Risk score, explained

The CVSS 3.1 score of 7.5 (HIGH) reflects an unauthenticated, low-complexity network attack vector with no user interaction required, resulting in a high impact to availability. The confidentiality and integrity scores are zero because this is a denial-of-service vector only. The unchanged scope and broad attack surface justify the elevated score. No privilege escalation or data exfiltration is possible via this flaw.

Frequently asked questions

Does this vulnerability allow remote code execution?

No. Protocol::HTTP2 CVE-2026-10725 is limited to denial-of-service via memory exhaustion. It does not permit arbitrary code execution, privilege escalation, or data theft. The impact is strictly on service availability.

Do I need to restart services after upgrading to Protocol::HTTP2 1.13?

Yes. Once you upgrade the module, restart all applications and services that depend on Protocol::HTTP2 to ensure they load the patched version. Reloading alone may not be sufficient; a full process restart is recommended.

Can I work around this vulnerability without patching?

Temporary mitigations include implementing strict per-connection or per-stream memory limits at the application or reverse proxy level, rate-limiting HTTP/2 connections, and reducing the negotiated MAX_HEADER_LIST_SIZE. However, these are stopgap measures. Patching to version 1.13 is the definitive fix.

How do I know if my application uses Protocol::HTTP2?

Check your Perl application's dependency manifest (e.g., Makefile.PL, cpanfile, or META.json) for Protocol::HTTP2. If it is listed as a direct or transitive dependency, your application is potentially affected. Run `cpan -l` or `perldoc perllocal` to list installed modules and their versions on your system.

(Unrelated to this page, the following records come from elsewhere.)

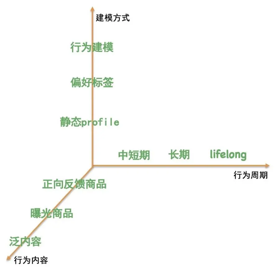 从模型分类的角度上来看,用户与商品的静态特征作用在于增强模型的泛化性,而用户实时行为的引入与建模,可以大大增强样本之间的区分性,显著地提升模型的分类精度。我们把用户建模的过程看作是对用户的信息抽象和信息组织的过程。
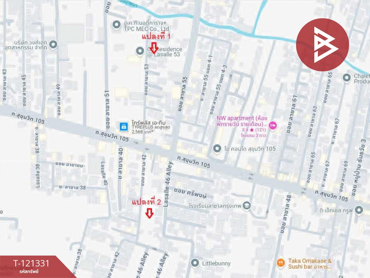 ที่ดิน : พระโขนง กรุงเทพมหานคร ที่ตั้ง : ซ. ลาซาล แขวงบางจาก เขตพระโขนง กรุงเทพมหานคร รหัสทรัพย์ : T-121331 ประเภท : ที่ดิน เนื้อที่ : 1 ไร่ 68.0 ตารางวา รายละเอียดเพิ่มเติม : แปลงที่ 1 - อยู่ในซอยลาซาล 53 เนื้อที่ 275 ตารางวา - หน้ากว้าง 20 เมตร ถมดินสูงกว่าถนน - อยู่ตรงข้ามกับ CJ Residence และเยื้องกับสนามแบดมินตัน ลาซาลสปอร์ตเฮาส์ แปลงที่ 2 - อยู่ในซอยลาซาล 42 เนื้อที่ 193 ตารางวา (ซอย 42 และ 53 จะตรงข้ามกันอยู่คนละฝั่งของถนนสุขุมวิท 105) - หน้ากว้าง 20 เมตร ลึก 40 เมตร ถมดินเสมอถนน - อยู่ใกล้กับสนามเทนนิส สปินนิ่ง เจ (Spinning J) - ให้เช่าราคา 20,000 บาทต่อเดือน ราคาเช่า : 50,000 บาท/เดือน ลิงค์แผนที่ : https://maps.google.com/?q=13.65802987,100.62915327 **เรามีบริการจัดสินเชื่อให้ฟรี พร้อมยินดีให้คำปรึกษา มีให้เลือกทุกธนาคาร** **พร้อมอัตราดอกเบี้ยพิเศษ และ วงเงินสูงสุด 90-100% ของราคาประเมิน** สนใจสอบถามข้อมูลเพิ่มเติม หรือ นัดชมบ้านได้ที่ Tel : 0653944245 แนน (รหัสตัวแทน 7018) Line ID : 0653944245 Callcenter : 02-047-4282 สนใจดูทรัพย์อื่นๆ เพิ่มเติม มากกว่า 3,000 รายการ www.tb.co.th The Best Property Agent CO,.LTD. ผู้นำด้านธุรกิจนายหน้า ตัวแทนอสังหาริมทรัพย์ครบวงจร ด้วยความเป็นมืออาชีพ ใช้เทคโนโลยี และ นวัตกรรมที่สร้างสรรค์ เพื่อส่งมอบบริการที่ดีที่สุดเพื่อคุณ ให้บริการด้าน ซื้อ ขาย เช่า อสังหาริมทรัพย์
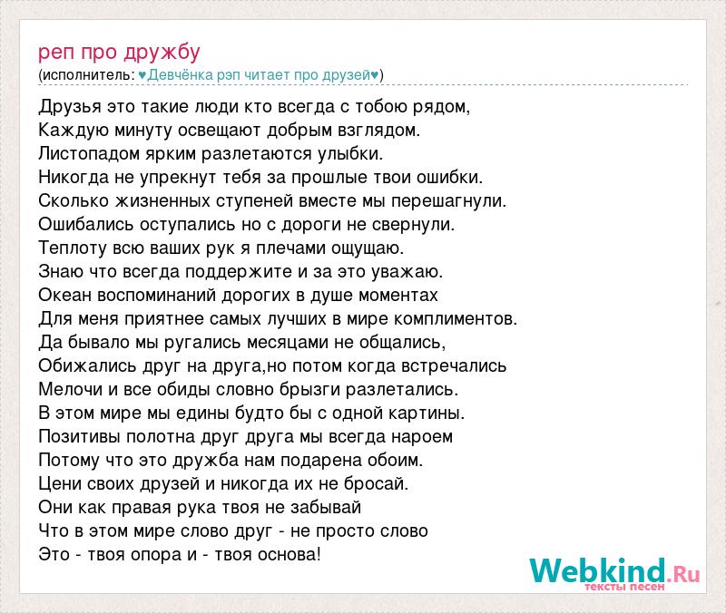 Друзья это такие люди кто всегда с тобою рядом, Каждую минуту освещают добрым взглядом. Листопадом ярким разлетаются улыбки. Никогда не упрекнут тебя за прошлые твои ошибки. Сколько жизненных ступеней вместе мы перешагнули. Ошибались оступались но с дороги не свернули. Теплоту всю ваших рук я плечами ощущаю. Знаю что всегда поддержите и за это уважаю. Океан воспоминаний дорогих в душе моментах Для меня приятнее самых лучших в мире комплиментов. Да бывало мы ругались месяцами не общались, Обижались друг на друга,но потом когда встречались Мелочи и все обиды словно брызги разлетались. В этом мире мы едины будто бы с одной картины. Позитивы полотна друг друга мы всегда нароем Потому что это дружба нам подарена обоим. Цени своих друзей и никогда их не бросай. Они как правая рука твоя не забывай Что в этом мире слово друг - не просто слово Это - твоя опора и - твоя основа!
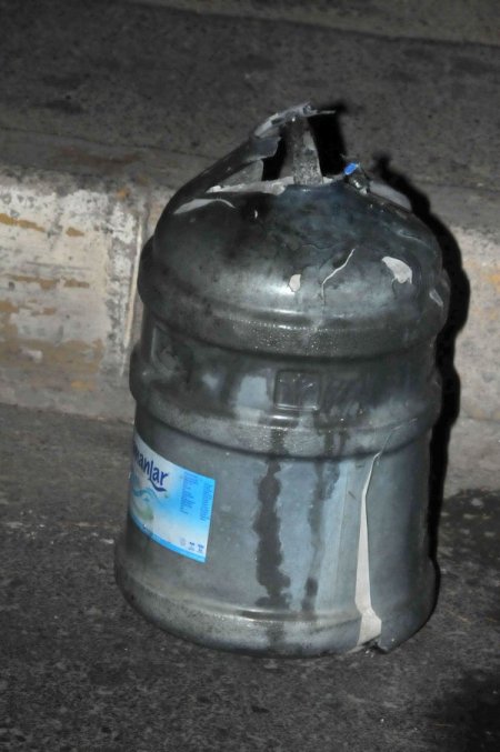 İzmir'in Bornova ilçesinde yola bırakılan su damacanası bomba paniği yaşanmasına yol açtı. Şüpheli damacana, Bomba İmha ve İnceleme Şube Müdürlüğü ekipleri tarafından fünyeyle patlatıldı. Damacananın içinden beton çıktı.
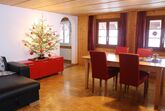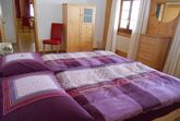Die Ferienwohnung im ersten Obergeschoss wartet mit einer liebevollen Einrichtung auf, die bis zu 6 Personen eine heimelige Atmosphäre bietet. Ausgestattet mit neuen Massivholzmöbeln, findet sich ein Doppelbett, drei Einzelbetten, ein Bettsofa sowie ein Kinderbett. Die Küche bietet mit Gewürzen, einem großen Küchentisch mit Sitzbänken und allem Nötigen den perfekten Ort für gemeinsame Mahlzeiten. Für Unterhaltung und Komfort sorgen zahlreiche Bücher, Spielsachen, ein Fernseher und Internetanschluss.
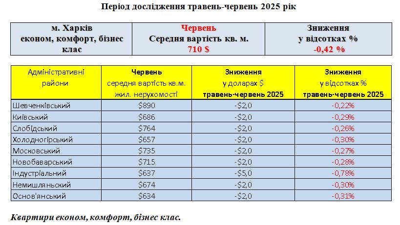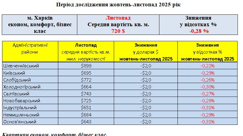 РИНОК ЖИТЛОВОЇ НЕРУХОМОСТІ ЕКОНОМ, КОМФОРТ, БІЗНЕС КЛАС, МІСТО ХАРКІВ, ЛИСТОПАД 2025 РІК
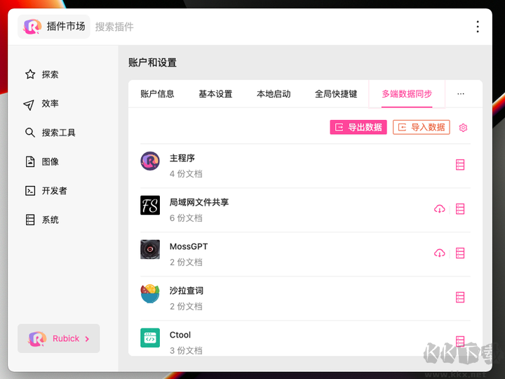 在 ubick內(nèi)搜索偏好設(shè)置進入賬戶和設(shè)置->多端數(shù)據(jù)同步;即可 rubick插件使用數(shù)據(jù)進行導出和導入。
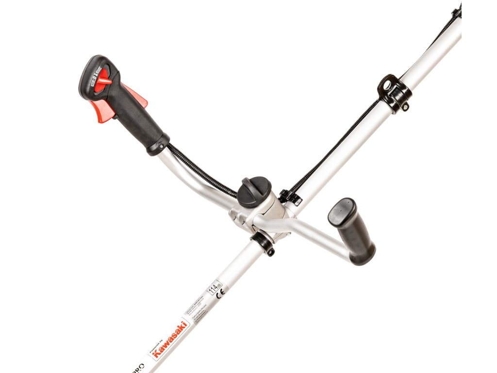 - Křovinořez má odlehčený start, nízkou hmotnost a optimálně vyvážené těžiště, což zajišťuje pohodlné ovládání. Je vybaven pevnou hnací hřídelí o průměru 28 mm, dvojitým ergonomickým řídítkem a profesionálními popruhy pro práci bez únavy.
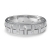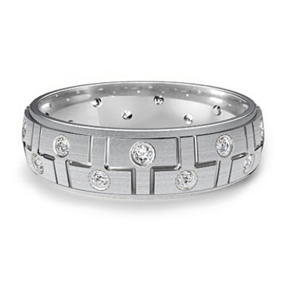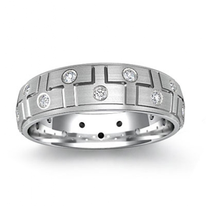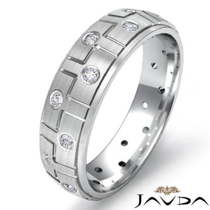 Solid carved design matte finished men's diamond eternity wedding band crafted in 18k Gold White. Featuring step edges and total round diamonds set in a bezel setting.
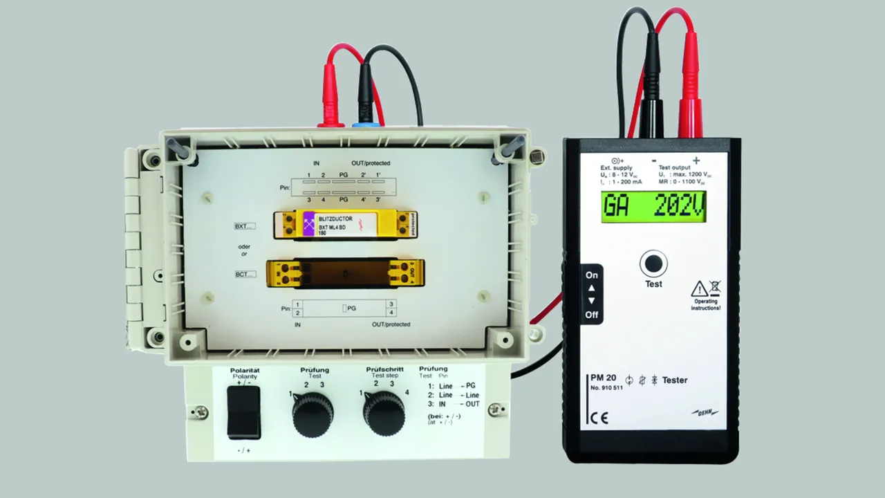 Combined device for testing the sparkover voltage of surge arresters (with gas discharge tubes / varistors / Zener diodes). Storage bag and measuring accessories included.
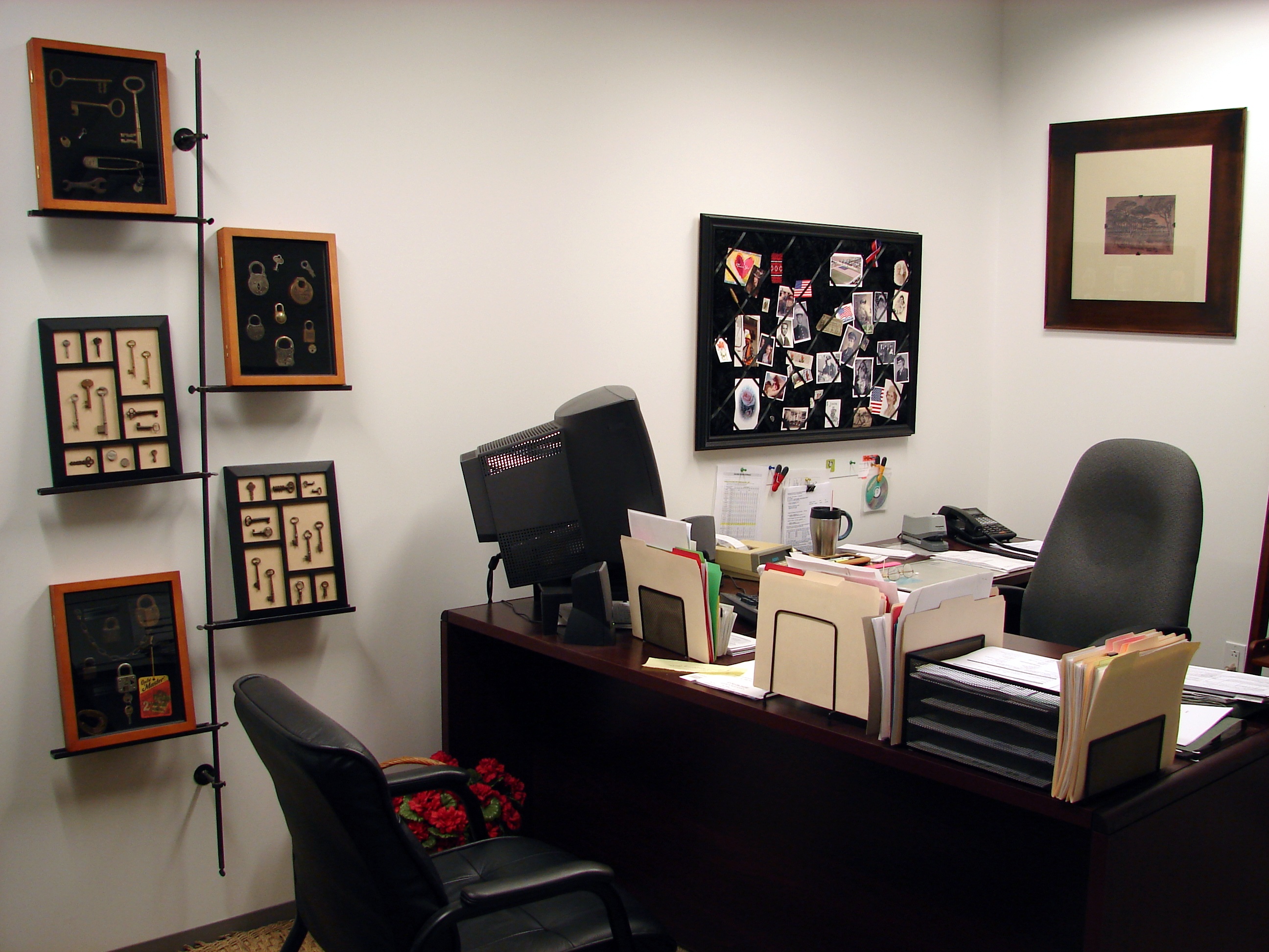 This was my last office. My company moved awhile back and now I have a (sort of) corner office with windows but it's a little smaller. Haven't gotten around to taking any pictures of the newer place yet.

This analysis is provided for informational purposes to support security decision-making. SEC.co makes no warranty regarding the completeness or accuracy of derived interpretations. Verify all technical details, patch availability, and affected versions against official vendor advisories and your own deployment documentation. Test patches in non-production environments before production deployment. Security decisions should incorporate your organization's risk tolerance, threat model, and operational constraints. Source: NVD (public-domain), retrieved 2026-07-14. Analysis generated by SEC.co (claude-haiku-4-5).